12. Children's Privacy

The Services are not directed to children under the age of thirteen (13), and we do not knowingly collect personal information from anyone under thirteen. If you are a parent or legal guardian and you believe your child has provided us with personal information, please contact us as described in Section 15. If we learn that we have collected personal information from a child under thirteen, we will delete that information promptly.

Operators are responsible for ensuring that their own use of the Services complies with any applicable rules regarding the data of minors, including in jurisdictions that impose higher age thresholds.

13. International Users

We are based in the United States and we operate the Services from the United States. If you are located outside the United States, please be aware that information we collect will be transferred to, stored in, and processed in the United States by our service providers and by us. By using the Services, you consent to that transfer and processing.

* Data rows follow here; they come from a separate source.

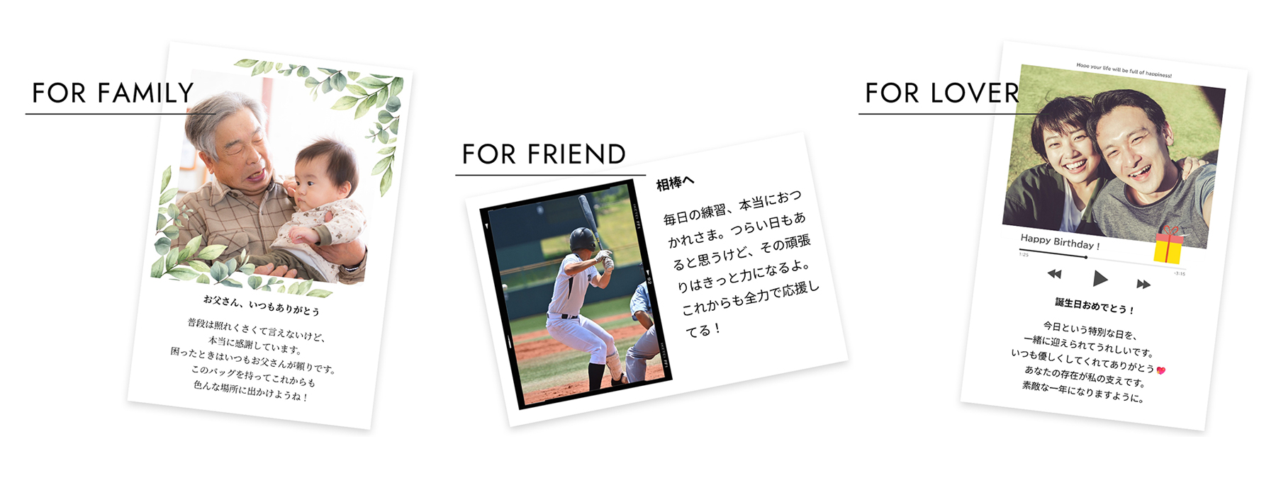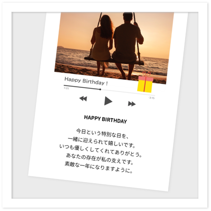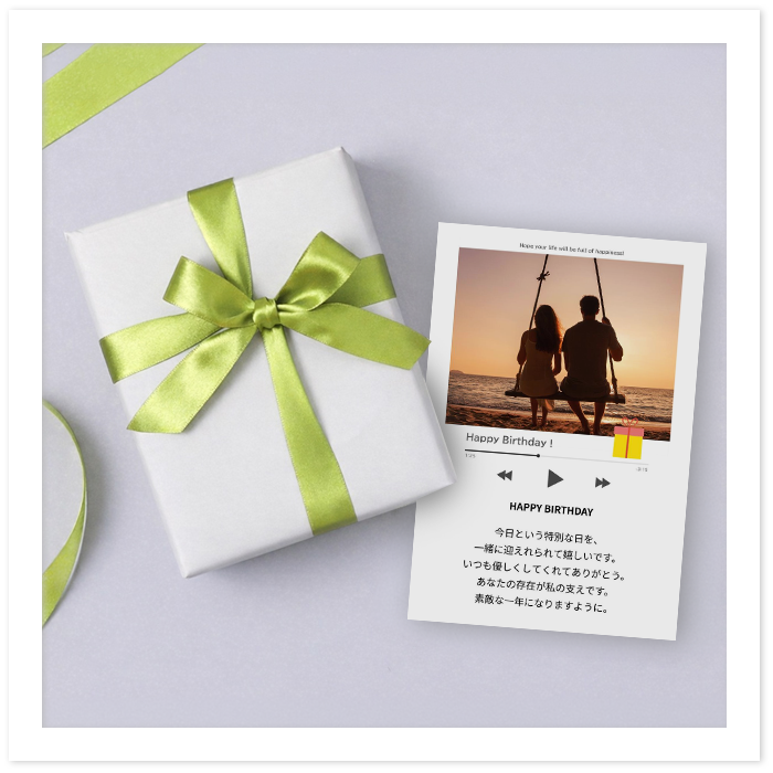 写真とメッセージを入れたオリジナルフォトカードを作成し、ご注文の商品と一緒にお届けします。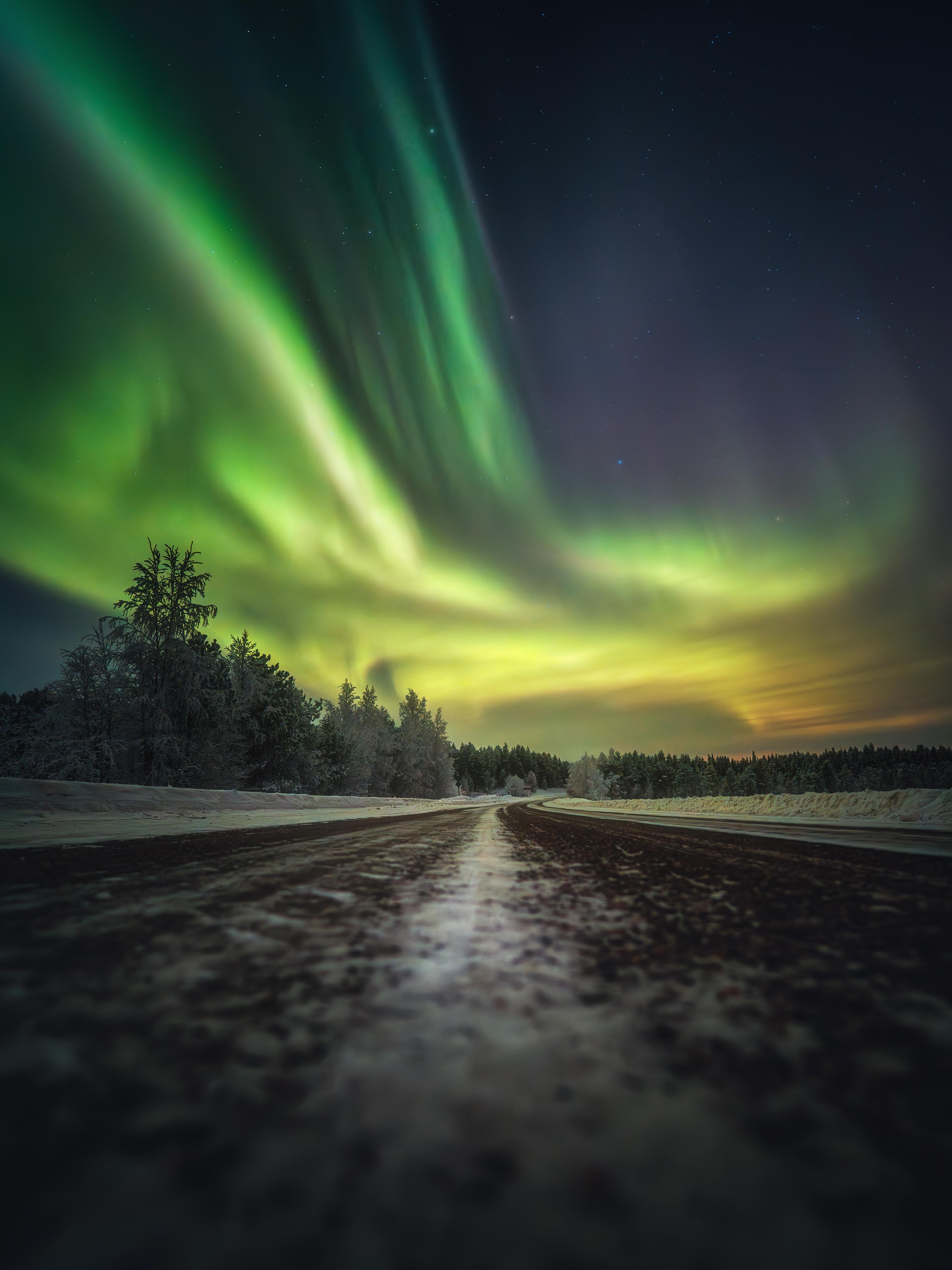 On the first night in Lapland, we were lucky to have a clear sky with the aurora ahead of us. When it was exploding, I was searching for compositions. This is something I like to do, placing the camera close to the ground. The road line while the sky was dancing. A quick shot, and the magic of the magnetosphere.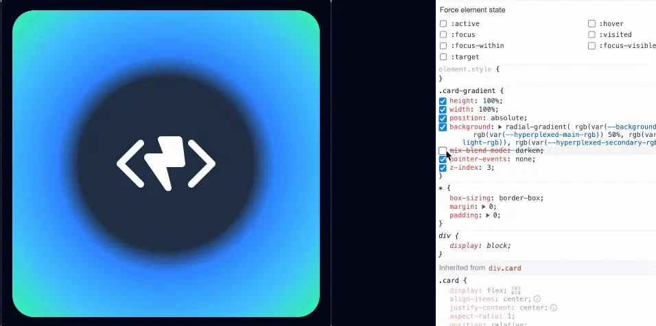 觀察文章開始的完整效果可以發現漸變顏色的區域是沒有發生變化的,因為有陰影的變化讓人感覺漸變顏色似乎也在跟着變化。這裏主要用到了混合模式,混合模式用於控制兩個圖層在疊加時的顯示方式。我們的文本mask漸變是不斷變化的,那我們只需要在卡片上再設置一個漸變背景色就可以達到混合模式的效果。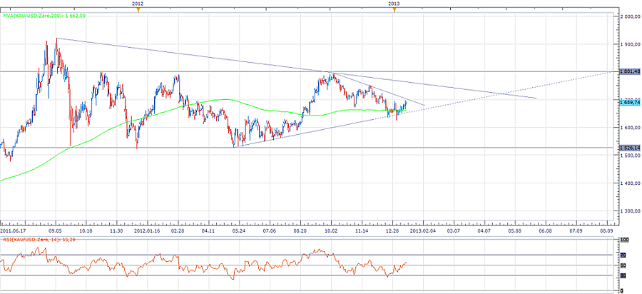 Érdemes azonban azt is látni, hogy talán lefelé van a nagyobb tér a mozgásban, mivel felfelé az 1916 dolláros történelmi csúcstól számított csökkenő trendvonal 1755 dollár környékén megfogja már az árfolyamot, amit elég nehéz lesz áttörni, hiszen 2011 szeptembere óta ezt nem sikerült az árfolyamnak. Ugyanakkor lefelé csak az elmúlt egy évben kialakított sávszélnél van erősebb ellenállás, ami 1525 dollárnál húzódik meg. Jelenleg ugyanis a háromszög alsó száránál húzódik a 200 napos ellenállás is, ami a határát jelenti a bika és a medvepiacnak. Így a lefelé kitöréssel ezt is maga mögött hagyhatja az árfolyam.

Where applicable law requires a specific legal mechanism for the transfer of personal data outside your jurisdiction (for example, Standard Contractual Clauses for transfers from the EEA), we will use such mechanisms in our agreements with subprocessors.

14. Changes to This Policy

We may update this Privacy Policy from time to time. When we do, we will revise the "Last updated" date at the top of this Policy and, where the change is material, we will provide additional notice through the Services (for example, by displaying a notice on your dashboard or by sending an email to the address associated with your account). We encourage you to review this Policy periodically.

Your continued use of the Services after a revised Policy takes effect indicates that you accept the revised Policy. If you do not agree to the revised Policy, you should discontinue use of the Services and contact us to close your account.

15. How to Contact Us

If you have questions, requests, or concerns about this Privacy Policy or about how we handle information, please contact us at:

Timatsu LLC
Attn: Privacy
North Carolina, United States
Email: privacy@timatsu.com

We will acknowledge your request within a reasonable period and will respond within the time required by applicable law. Where verification of your identity is required before we can act on your request, we will explain what information we need.

Notice: This Privacy Policy is provided for informational purposes. It describes Timatsu LLC's general practices and is not legal advice. Specific situations may give rise to additional rights or obligations under applicable law; consult a qualified attorney for advice about your particular circumstances.